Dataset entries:
-- Opening Marker --

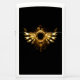 Shiny mechanical wings, with gears and brass round banner. Steampunk
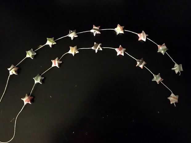 El resto de las estrellas de la secuencia. Añadir un poco de pegamento en el agujero de la estrella (aish nose otra manera decirlo) si no quedarse. Si lo desea, haga un nudo en un extremo de la cuerda y corte el exceso de cordel. Y ya está! Uh, espere hasta la cola seca y listo! Colgar en el techo, la pared, el abrigo alrededor de cosas, etc.. Este DIY se basa en colgar 1.000 grullas de papel!
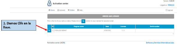 5. Seleccione la licencia a activar (servidor o terminal) y presione el botón con el icono de la llave
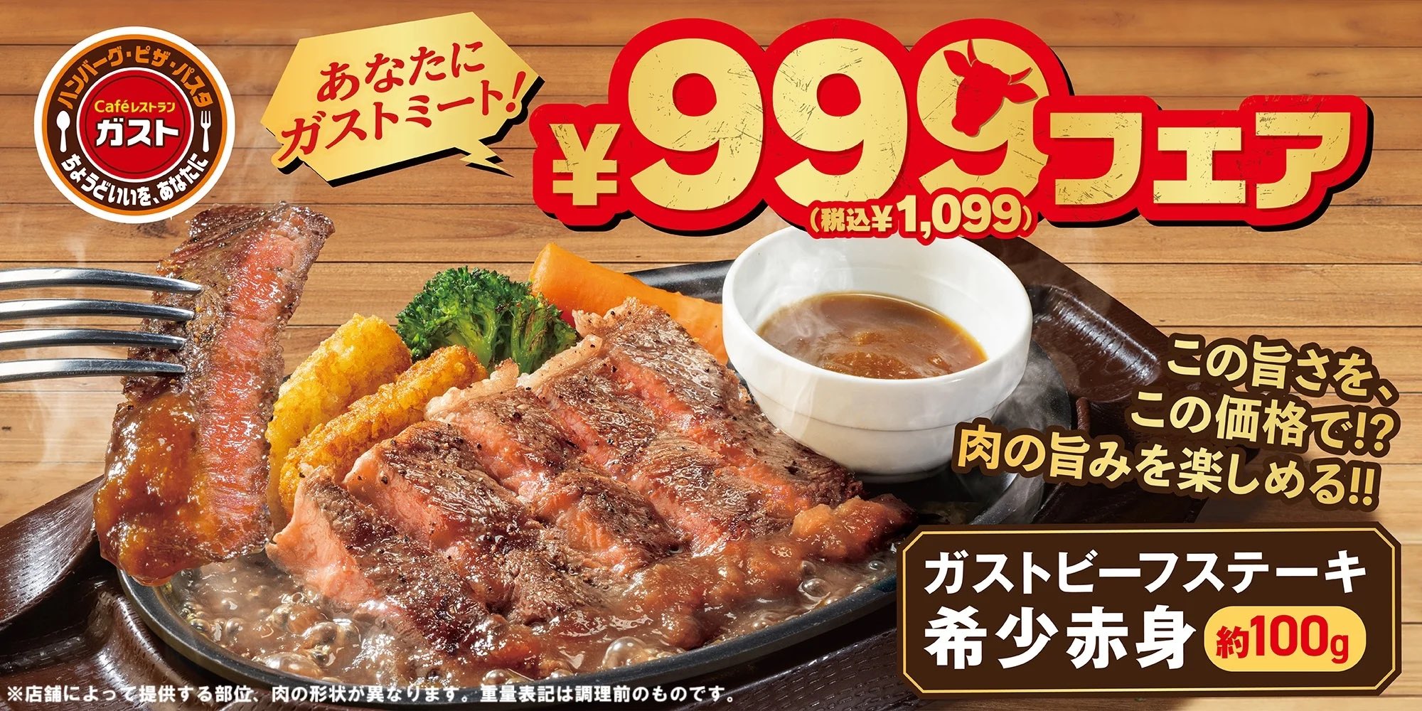 希少部位の赤身をステーキに使っているとうたい、数量限定だとして、100グラムを税別999円と、1000円を切る価格で提供している。広告では、「写真はイメージです。店舗によって提供する部位、肉の形状が異なります」「重量表示は調理前のものです」との注意書きも付けられた。
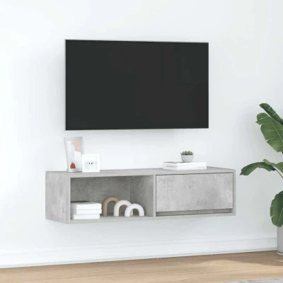 ManoManoGeneral description This TV wall cabinet is the perfect solution for your living space to maximize space and keep the floor areas uncluttered. It features a space-saving design that can be wall-mounted, providing ample storage for magazines, books, DVDs, and multimedia devices while keeping the area clean. Technical specifications Colour: Concrete grey Material: Engineered wood Overall dimensions: 100 x 31 x 25.5 cm (W x D x H) Drawer dimensions: 47 x 23.5 x 19.5 cm (W x D x H) Overall max. weight capacity: 60 kg Max. weight capacity per shelf: 20 kg Max. weight capacity per drawer: 5 kg With 1 drawer and 1 shelf Assembly required: Yes Usage The sturdy top is ideal for placing your TV and stereo systems or decorative items like vases or potted plants. The smooth surface allows for easy cleaning with a damp cloth, requiring less maintenance. Other information

-- Closing Marker --

** Exercise requirements **
Please set down exactly the lines from the first line of the data above through the line with "El resto de", both included, leaving out the pictures.

** Response area **
 Shiny mechanical wings, with gears and brass round banner. Steampunk
 El resto de las estrellas de la secuencia. Añadir un poco de pegamento en el agujero de la estrella (aish nose otra manera decirlo) si no quedarse. Si lo desea, haga un nudo en un extremo de la cuerda y corte el exceso de cordel. Y ya está! Uh, espere hasta la cola seca y listo! Colgar en el techo, la pared, el abrigo alrededor de cosas, etc.. Este DIY se basa en colgar 1.000 grullas de papel!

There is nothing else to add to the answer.